=== To do ===
The lines below, from the one containing "なお、駅係員のいない駅でお降" through the one containing "Работая более 15", should be set down exactly, with no pictures and nothing else.

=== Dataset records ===
★ ★ ★ ★

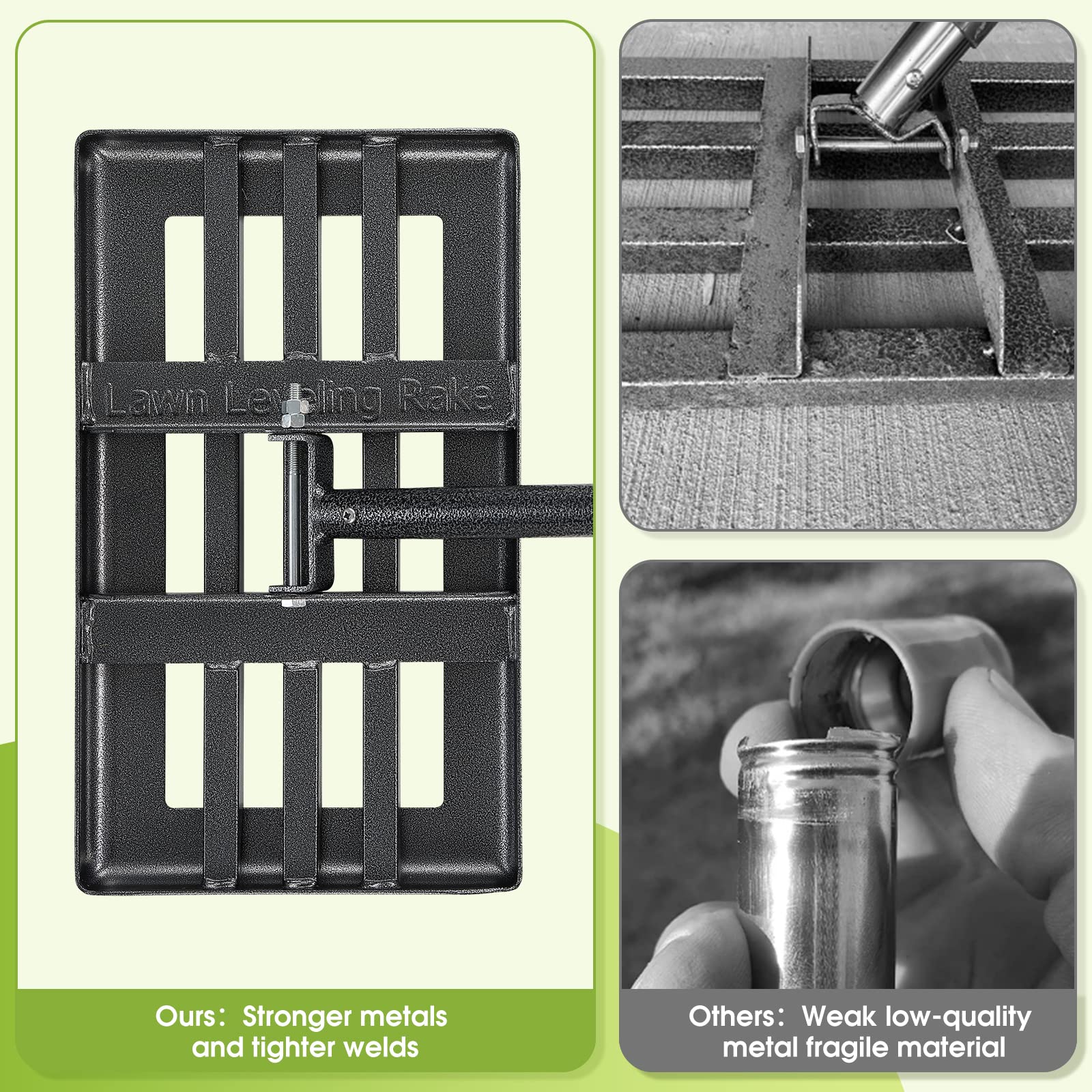 Rasen-Nivellierharke, 43,2 x 25,4 cm, Rasen-Nivellierwerkzeug für Rasenflächen, mit ergonomischem Griff, robuste Nivellierrechen für Rasen, Hof, Garten, Golfplatz, einfache Ebene, Boden, Sand
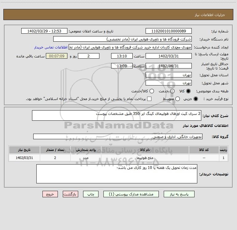 شرح کلی نیاز: 2 سری کیت اورهال هواپیمای کینگ ایر 350i طبق مشخصات پیوست
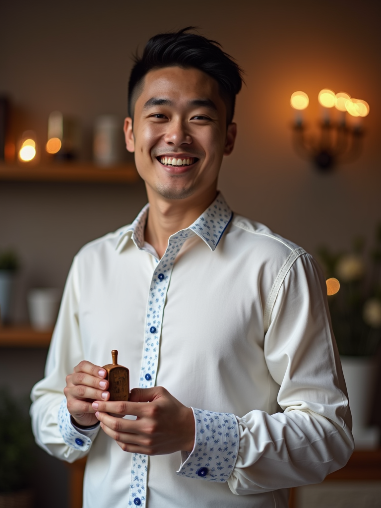 a model in a crisp white shirt with blue accents, embodying the joyful and spiritual nature of Hanukkah, with a dreidel or menorah in hand
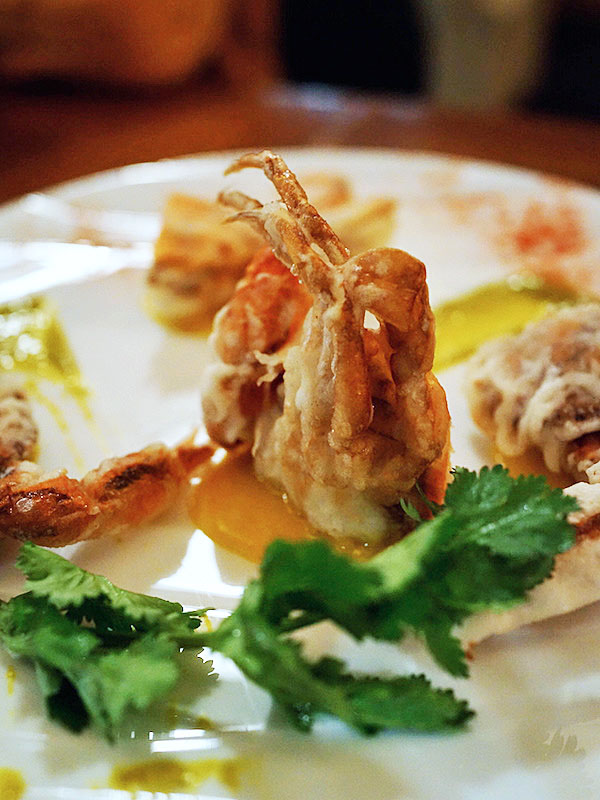 カラッと揚がった脱皮直後の丸ごとのカニ。殻の部分はサクッと歯切れて、中はクチュッとみずみずしい。肉はフワフワ、味噌や卵がトロトロで口いっぱいにカニの旨みが広がるおいしさ。
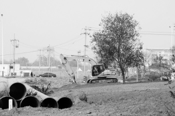 近日,经过几天的机械平整,岔河东大道道路两边的荒草地已被平整一新,为绿化做好了准备。
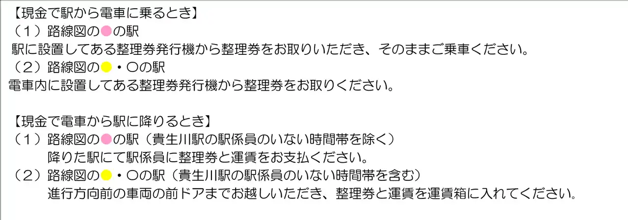なお、駅係員のいない駅でお降りの場合は、お手数ですが進行方向前の車両にある運賃箱に回数券を乗務員に見えるように入れてください。 |
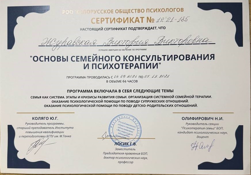 Работая более 15 лет в экономике, я осознала, что важнее всего у человека в жизни — это его Душа и Семья. Поэтому выбор пал на получение знаний в области психологии не случайно. Но не просто Психологии, а Психологии Семейных Отношений.
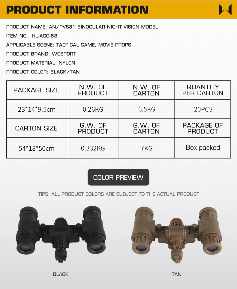 AN/PVS31 Binocular modelo de visión nocturna gafas de doble tubo accesorios simulados casco Airsoft accesorios para caza Cosplay
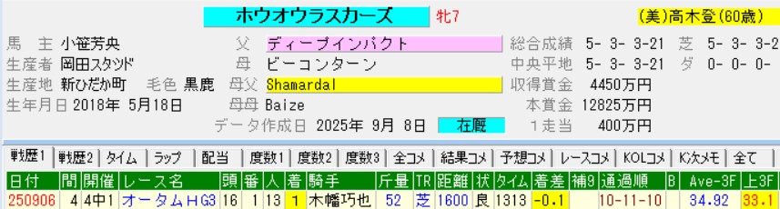 そういや京成杯オータムハンデ(G3)をぶち抜いたホウオウラスカーズもディープインパクト産駒だったよね。

★ ★ ★ ★

=== Answer to the problem ===
なお、駅係員のいない駅でお降りの場合は、お手数ですが進行方向前の車両にある運賃箱に回数券を乗務員に見えるように入れてください。 |
 Работая более 15 лет в экономике, я осознала, что важнее всего у человека в жизни — это его Душа и Семья. Поэтому выбор пал на получение знаний в области психологии не случайно. Но не просто Психологии, а Психологии Семейных Отношений.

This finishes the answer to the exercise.